The respective plights of the two teams were reflected by the action. Halifax were superior right from the off and only several fine saves by the Harrogate ’keeper kept the away side in the match. Halifax took the lead from the spot on 31 mins either side of which Pell and Naylor of Harrogate were sent off. The word ‘floodgates’ sprung immediately to mind. Remarkably, Harrogate kept the scored at just 1-0 until just after half-time and didn’t have a single shot on target themselves throughout. Further Halifax goals duly followed, the last by Harrogate old boy Danny Holland as captured on film by yours truly (see below). There are 12 passes from one end to the other – just count ’em – preceded by a very rare Harrogate attack. (No goal, incidentally, for another ex-Harrogatian, the fabulously named ‘James Dean, goal machine’ as a banner read). You felt by the end Halifax could score as many as they fancied.

This was a pitiful and spineless performance by Harrogate that brought to mind England in the World Cup. The pink colour of their shirts (in support of a breast cancer charity) was wholly appropriate. The small huddle of away fans – whom we joined in the second half out of sympathy and local allegiance – hardly did the club proud either. They looked like a bunch of bored kids on a school outing. The only emotion they expressed was daubed on the t-shirt of one lad in marker pen: “Taxi for Weaver”. I’d just point him to the bus stop.
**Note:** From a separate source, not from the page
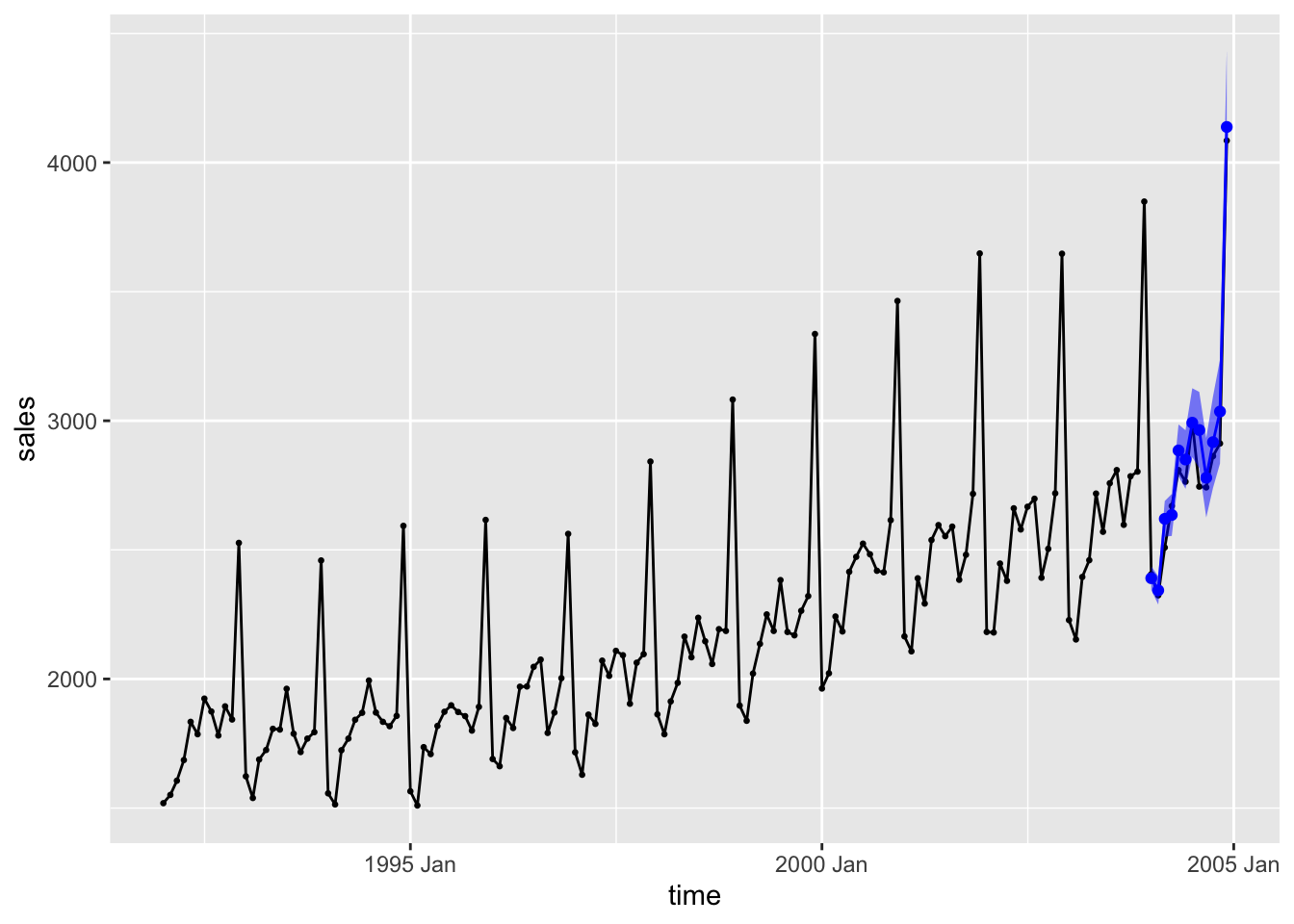 liquor.fc <- forecast(liquor.fit, new_data = liquor |> filter(year(time) == 2004))

Chant of the match: “You’re just a small town in Knaresborough!” Commendable geography from the Shaymen. Great nickname, by the way. Harrogate desperately need one. A 1994 non-league directory describes them as The Sulphurites, a reference to the town’s spa heritage. Mmm. Think the editor made that up. How about The Waterboys?

Three cheers for Uncle Bill: Indefatigable and ever the optimist, chairman Bill Fotherby is the life and soul of Harrogate Town. He’s an old fashioned, tinted specs, wavy-haired sort of gent as summed up by this great retro-postcard-type pic from the club website.

And a boo for the Premiership: I read two stories about Manchester football clubs this weekend. One was about the debt of Man United and other was an account in the NLP of FCUM’s win at Norton & Stockton Ancients. What a great pic too (below). Now that’s what it’s all about!